- Collected material:
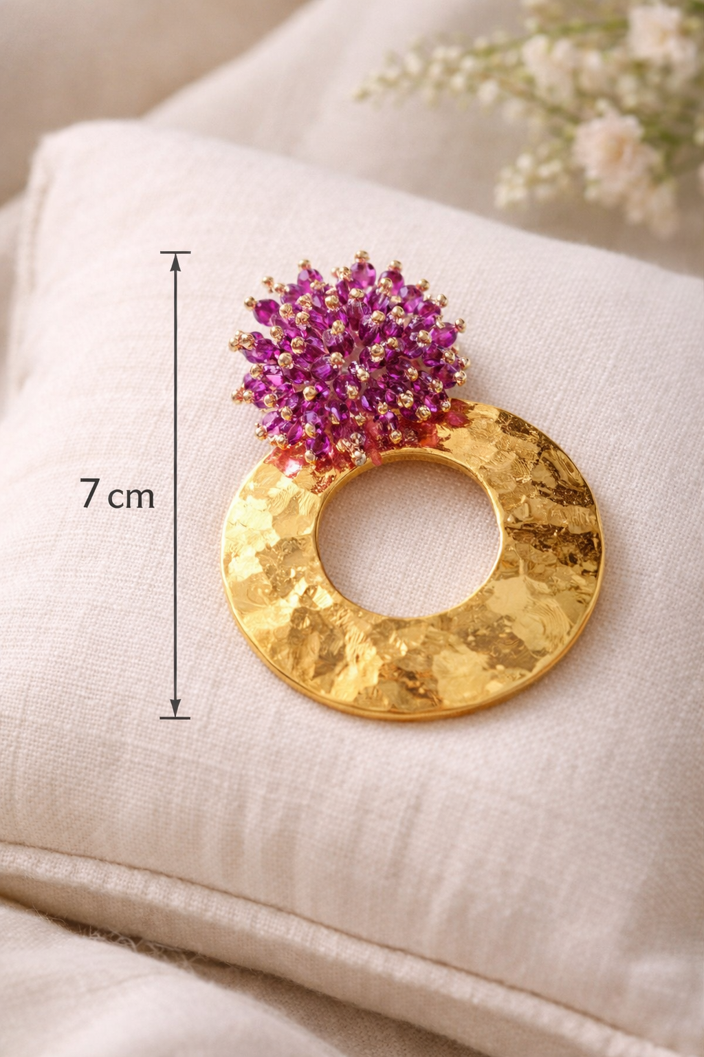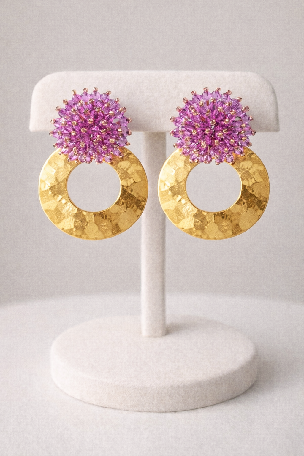Parte inferior: Aro acabado martillado en zamak hipoalergénico con baño de oro.
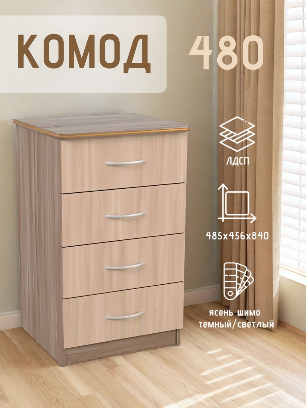 Комод 480 с 4-ящиками (Ясень шимо темный/светлый)
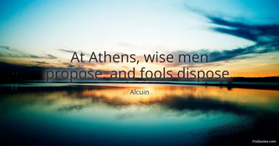 A neat little barb, sharpened by the disappointment of watching intelligence lose to spectacle. "At Athens, wise men propose, and fools dispose" uses Athens as more than a city: it is shorthand for the great civic experiment where rhetoric and crowds could overrule expertise. Alcuin, a clergyman and court scholar in the early medieval world, isn’t nostalgically praising democracy; he’s warning that public decision-making can turn wisdom into mere suggestion, easily vetoed by vanity, ignorance, or whoever can work the room.
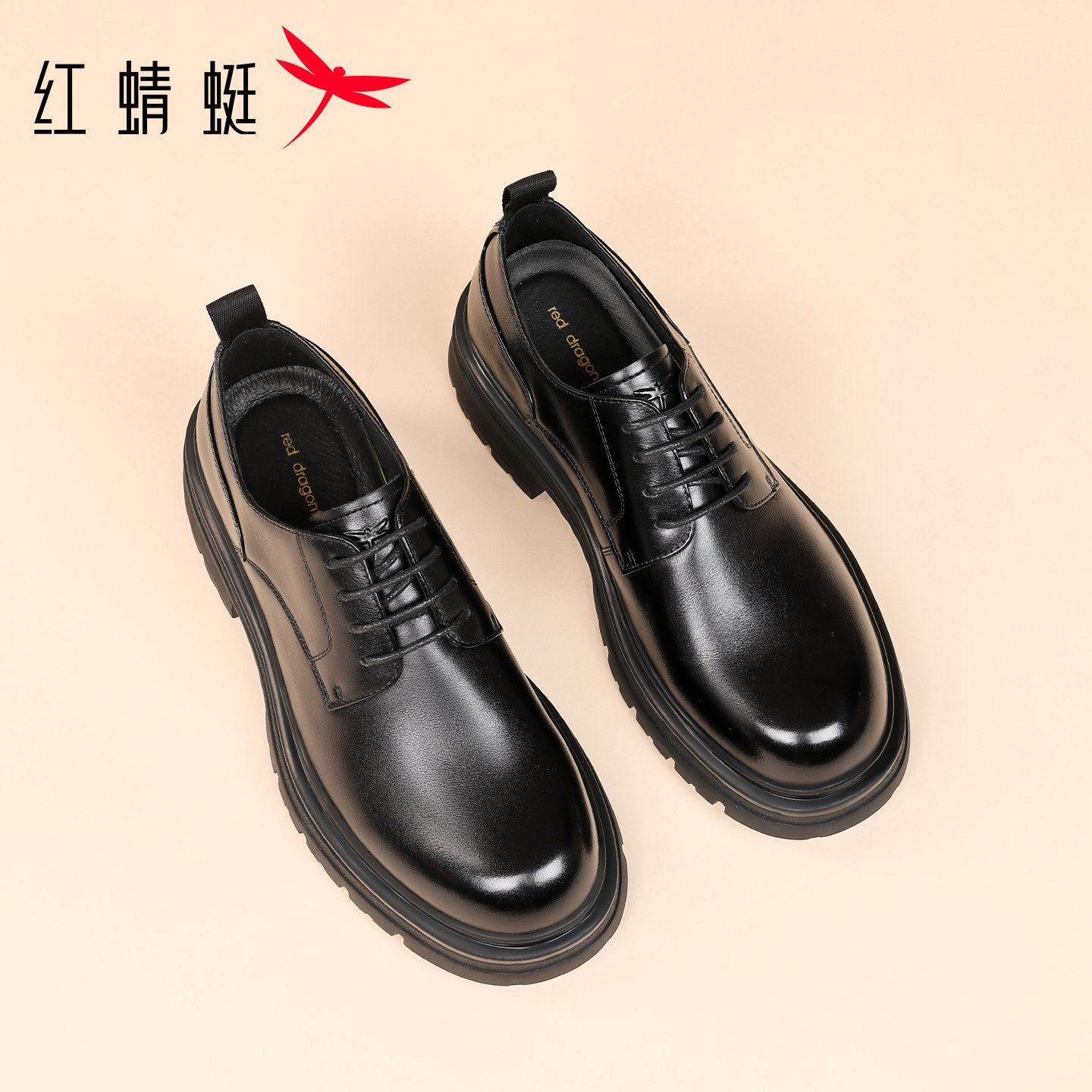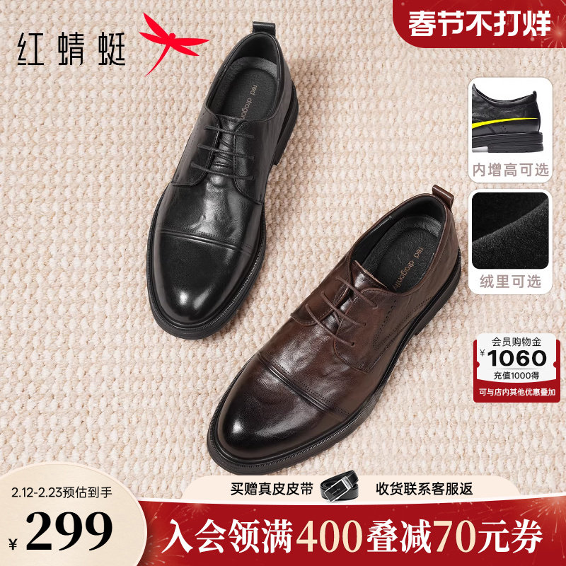 Red dragonfly men's shoes autumn and winter new shoes men's thick soles increase in height casual big scalp shoes men's business leather cowhide

- What you will do:
The whole listing should be transcribed exactly, though its pictures must be left out.

- Answer to this problem:
Parte inferior: Aro acabado martillado en zamak hipoalergénico con baño de oro.
 Комод 480 с 4-ящиками (Ясень шимо темный/светлый)
 A neat little barb, sharpened by the disappointment of watching intelligence lose to spectacle. "At Athens, wise men propose, and fools dispose" uses Athens as more than a city: it is shorthand for the great civic experiment where rhetoric and crowds could overrule expertise. Alcuin, a clergyman and court scholar in the early medieval world, isn’t nostalgically praising democracy; he’s warning that public decision-making can turn wisdom into mere suggestion, easily vetoed by vanity, ignorance, or whoever can work the room.
 Red dragonfly men's shoes autumn and winter new shoes men's thick soles increase in height casual big scalp shoes men's business leather cowhide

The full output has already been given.